Instructions for the task: When you reach the line containing "H. H. Dieckhoff, b." in the entries below, begin reproducing lines exactly, and stop once the line containing "Гебекланы Юсопно Махраил Шетов саулгалады." is done.
Data under study below:
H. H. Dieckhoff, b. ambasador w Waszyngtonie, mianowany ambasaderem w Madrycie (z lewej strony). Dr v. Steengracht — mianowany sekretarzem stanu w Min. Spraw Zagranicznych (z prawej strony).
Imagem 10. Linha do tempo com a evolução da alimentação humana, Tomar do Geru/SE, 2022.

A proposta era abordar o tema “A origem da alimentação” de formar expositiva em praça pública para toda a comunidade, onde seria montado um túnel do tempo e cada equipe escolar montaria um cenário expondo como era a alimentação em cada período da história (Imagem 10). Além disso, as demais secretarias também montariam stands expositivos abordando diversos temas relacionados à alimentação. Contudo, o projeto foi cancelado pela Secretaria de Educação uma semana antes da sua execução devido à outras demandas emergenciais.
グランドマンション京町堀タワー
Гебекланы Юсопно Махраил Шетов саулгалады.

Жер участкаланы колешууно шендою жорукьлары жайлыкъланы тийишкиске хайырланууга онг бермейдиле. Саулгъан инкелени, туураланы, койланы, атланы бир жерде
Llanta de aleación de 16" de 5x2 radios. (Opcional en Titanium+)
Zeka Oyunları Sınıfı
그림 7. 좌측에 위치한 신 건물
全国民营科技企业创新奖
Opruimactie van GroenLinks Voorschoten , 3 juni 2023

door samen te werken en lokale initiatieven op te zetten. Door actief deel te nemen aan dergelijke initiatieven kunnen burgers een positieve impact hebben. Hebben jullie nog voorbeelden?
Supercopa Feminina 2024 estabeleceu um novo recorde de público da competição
End of Data under study.
Data under study below:
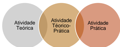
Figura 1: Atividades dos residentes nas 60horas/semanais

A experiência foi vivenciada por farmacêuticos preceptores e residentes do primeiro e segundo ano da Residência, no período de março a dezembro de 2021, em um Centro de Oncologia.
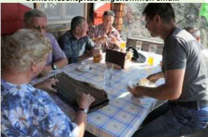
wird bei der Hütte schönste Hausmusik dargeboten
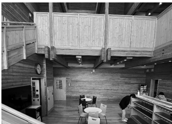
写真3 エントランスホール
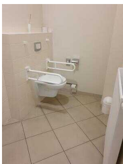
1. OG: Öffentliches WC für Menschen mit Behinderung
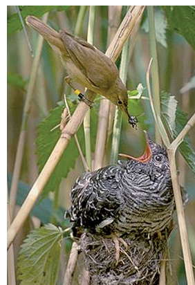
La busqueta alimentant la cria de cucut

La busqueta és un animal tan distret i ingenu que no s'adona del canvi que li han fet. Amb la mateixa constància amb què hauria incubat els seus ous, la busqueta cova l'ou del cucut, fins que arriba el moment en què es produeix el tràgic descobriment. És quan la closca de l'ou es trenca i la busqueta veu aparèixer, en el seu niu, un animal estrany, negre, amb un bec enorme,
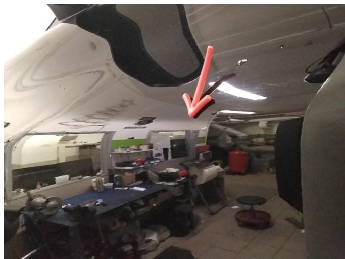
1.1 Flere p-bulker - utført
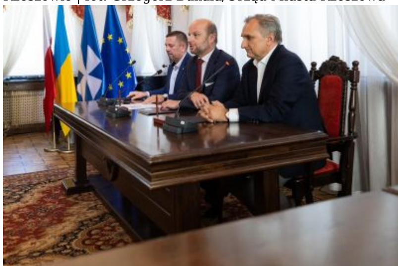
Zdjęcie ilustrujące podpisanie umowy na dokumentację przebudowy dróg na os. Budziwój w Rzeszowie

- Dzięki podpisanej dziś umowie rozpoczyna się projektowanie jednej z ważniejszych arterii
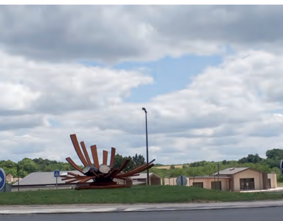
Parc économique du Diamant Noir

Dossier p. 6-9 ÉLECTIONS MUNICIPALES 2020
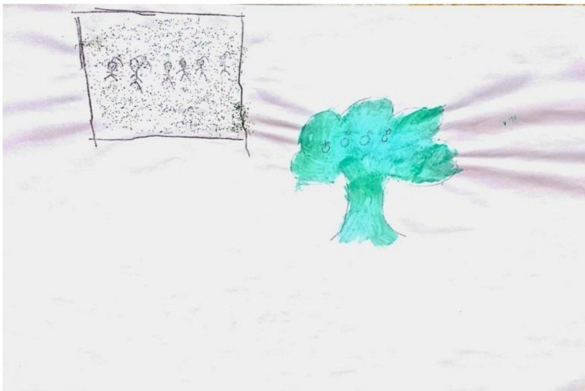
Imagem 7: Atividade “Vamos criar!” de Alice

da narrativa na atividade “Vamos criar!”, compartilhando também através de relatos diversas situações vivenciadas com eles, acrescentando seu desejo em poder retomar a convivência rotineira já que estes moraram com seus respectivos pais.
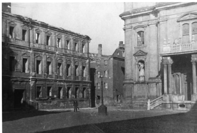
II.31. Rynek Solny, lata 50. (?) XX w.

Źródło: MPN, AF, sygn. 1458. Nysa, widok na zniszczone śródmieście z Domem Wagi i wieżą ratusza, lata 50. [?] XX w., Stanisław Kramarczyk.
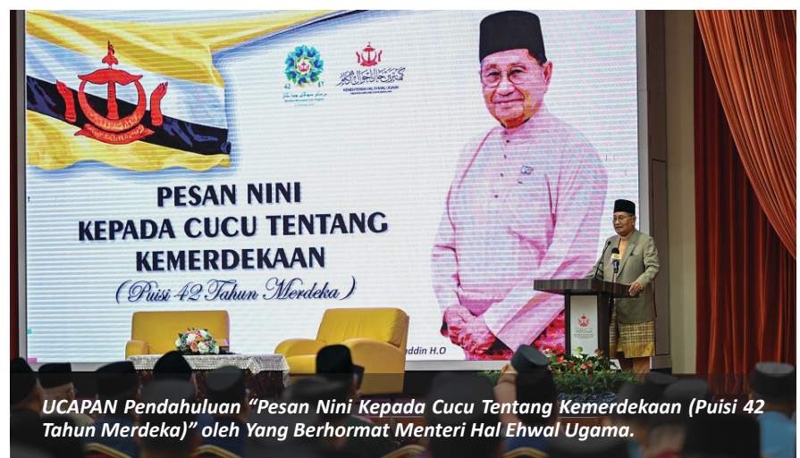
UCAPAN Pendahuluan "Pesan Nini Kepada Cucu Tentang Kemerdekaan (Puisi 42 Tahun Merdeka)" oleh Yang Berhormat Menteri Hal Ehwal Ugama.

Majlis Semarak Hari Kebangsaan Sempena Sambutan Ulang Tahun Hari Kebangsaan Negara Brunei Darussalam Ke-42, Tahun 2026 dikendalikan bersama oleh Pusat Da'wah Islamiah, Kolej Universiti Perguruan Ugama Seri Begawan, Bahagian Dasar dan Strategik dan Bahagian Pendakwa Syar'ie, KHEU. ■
End of Data under study.
Data under study below:
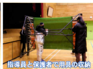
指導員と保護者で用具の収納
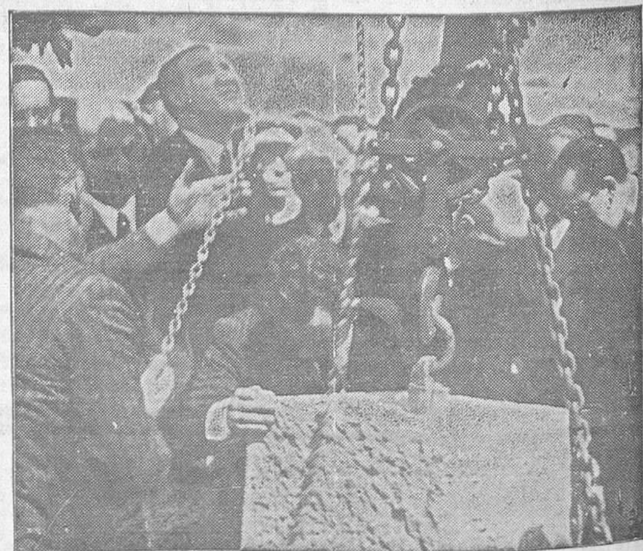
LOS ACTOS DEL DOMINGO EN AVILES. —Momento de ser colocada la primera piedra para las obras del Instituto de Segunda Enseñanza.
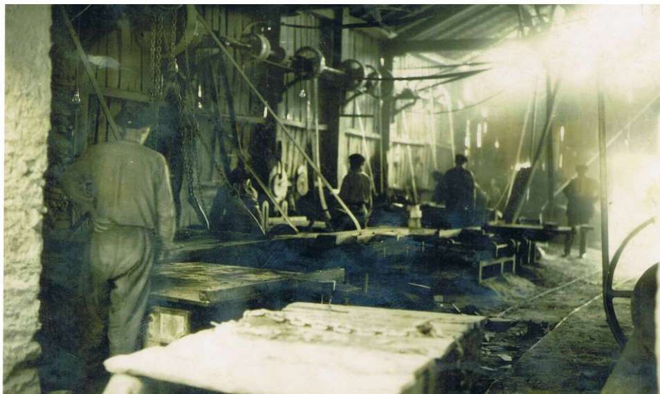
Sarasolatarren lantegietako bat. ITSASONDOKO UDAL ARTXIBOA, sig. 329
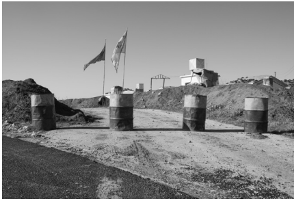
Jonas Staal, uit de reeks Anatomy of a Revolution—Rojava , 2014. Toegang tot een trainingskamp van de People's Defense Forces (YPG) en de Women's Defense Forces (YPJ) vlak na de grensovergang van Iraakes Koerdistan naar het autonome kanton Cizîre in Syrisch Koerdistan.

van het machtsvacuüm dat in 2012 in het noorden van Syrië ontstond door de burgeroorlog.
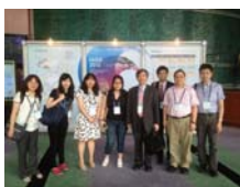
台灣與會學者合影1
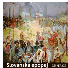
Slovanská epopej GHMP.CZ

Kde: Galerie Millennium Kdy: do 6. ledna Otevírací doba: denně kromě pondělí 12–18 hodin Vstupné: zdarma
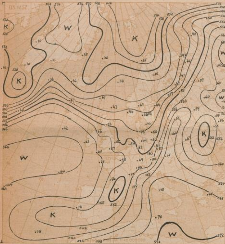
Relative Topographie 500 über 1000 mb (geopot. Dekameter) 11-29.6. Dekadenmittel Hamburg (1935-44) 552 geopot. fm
End of Data under study.
Answer to this problem:
H. H. Dieckhoff, b. ambasador w Waszyngtonie, mianowany ambasaderem w Madrycie (z lewej strony). Dr v. Steengracht — mianowany sekretarzem stanu w Min. Spraw Zagranicznych (z prawej strony).
Imagem 10. Linha do tempo com a evolução da alimentação humana, Tomar do Geru/SE, 2022.

A proposta era abordar o tema “A origem da alimentação” de formar expositiva em praça pública para toda a comunidade, onde seria montado um túnel do tempo e cada equipe escolar montaria um cenário expondo como era a alimentação em cada período da história (Imagem 10). Além disso, as demais secretarias também montariam stands expositivos abordando diversos temas relacionados à alimentação. Contudo, o projeto foi cancelado pela Secretaria de Educação uma semana antes da sua execução devido à outras demandas emergenciais.
グランドマンション京町堀タワー
Гебекланы Юсопно Махраил Шетов саулгалады.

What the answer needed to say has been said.